性同一性障害者の性別変更、要件緩和 当事者に聞く

http://www.kobe-np.co.jp/news/kurashi/0001167981.shtml
(6/24 09:48 神戸新聞NEWS)

性同一性障害者の戸籍上の性別変更要件を緩和する改正特例法が、このほど成立した。子の成人という要件が残った今回の法改正について、当事者はどのように受け止めているのか。最高裁に特別抗告してまで性別変更を求めた尼崎市の会社員、大迫真実さんに話を聞いた。(霍見真一郎)

 


-子どもが成人していれば、ほかの要件を満たした上で戸籍の性別変更ができるようになった。

 「娘が来年三月に二十歳になるので個人的にはうれしい。それほど間を置かずに、娘に話をしたいと思う。ただ、性別変更を求める当事者で子どもが成人している人は少なく、その人たちには申し訳ないという気持ちがある。うちより大きな子がいる人は(要件の一つである)離婚をしていない場合も多い。成人要件ではなく、一定のガイドラインの下で個別審査する方が良いと思う」

 -結婚し、子がいることに違和感を覚える人もいる。

 「自分の遺伝子を残し、子育てもしたかった。分かってもらうのは無理かもしれない」

 -外見が性別移行した上で、さらに戸籍の性別も変更するのは。

 「健康保険証やパスポートには『男』とある。(戸籍が変われば)再婚もできる」

 -特例法に子無し要件がある中で、性別変更を申し立て、最高裁で棄却されるまで約一年間闘った。

 「認められる可能性はかなり低いと考えていたが、何もしなかったら、こんなことで困っている人がいることは知られなかったと思う」

 -戸籍の性別を変更した場合、親子関係が混乱しないか。

 「戸籍の性別が変えられなくても、実際に女として生活している。子どもがいる性同一性障害者は、社会的には性別移行している人がほとんどだから、家庭内秩序というのは治療判定の時から崩れ始めている」

 -法改正後の不安は。

 「性別変更となると分籍することになるかもしれない。子どもの戸籍をたどって出てくるわたしと、性別変更したわたしがだぶって戸籍上に存在することにならないのか」


 おおさこ・まさみさん(通称名) 1955年尼崎市生まれ。会社員。幼いころから自分の性別に違和感があった。結婚し1女をもうけた。2003年に離婚。その後、性同一性障害の治療を始め、05年に性別適合手術を受けた。


■改正特例法のポイント

 二〇〇四年施行の特例法に盛り込まれた性別変更の要件は、二人以上の専門医の診断を受けた上で、(1)生殖腺がないか、その機能を永続的に欠く(2)性器が反対の性別に似ている(3)二十歳以上(4)現在結婚していない(5)子がいない-がある。最高裁判所によると、現行法の施行以降、全国の家庭裁判所が昨年末までに受け付けた性別変更の申し立ては九百十四件で、八百四十一件が認められた。

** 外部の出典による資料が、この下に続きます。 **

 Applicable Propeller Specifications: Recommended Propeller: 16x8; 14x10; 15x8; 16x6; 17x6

 改正法では、子が成人している場合は、(5)のいわゆる「子無し要件」が外れることになる。

 今回の条件付き緩和について、GID(性同一性障害)学会理事長の大島俊之・九州国際大教授は「子無し要件は完全に削除すべきだ」と指摘する。「二十歳という基準を設けたのは、子ども自身の判断力や理解力を考えたものだろうが、親が性同一性障害と診断され、望む性で生活しているのを、年齢に関係なく子どもたちは間近でみている」

 子どもがいる当事者の多くは四十-五十代。診断のために通院は家族は認めても、ホルモン治療などに入る際、理解が得られないケースが多いという。就労者の場合、性別適合手術に伴い、手術前後一カ月仕事を離れなければならず、経済的な負担に加え、周囲の理解を得ることも求められる。法改正で実際にハードルが低くなるのかは、不透明だ。

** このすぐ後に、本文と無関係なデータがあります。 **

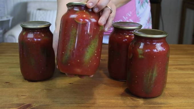 - Komkommers met tomatenpuree in literpotten zonder sterilisatie

 戸籍の性別変更をめぐっては、日本以外では、スウェーデン、ドイツ、イタリア、オーストリアと、カナダの全州、米国の多くの州などに特例法があるが、韓国を除けば、子無し要件は先進国では見られない。今後も、子無し要件をめぐる議論は避けられない。

 大島教授は「子の判断能力については、養子縁組の同意など十五歳が民法上の区切り。子無し要件は全面削除が望ましいが、十五歳まで要件を緩和することも一つの方法だ」と指摘している。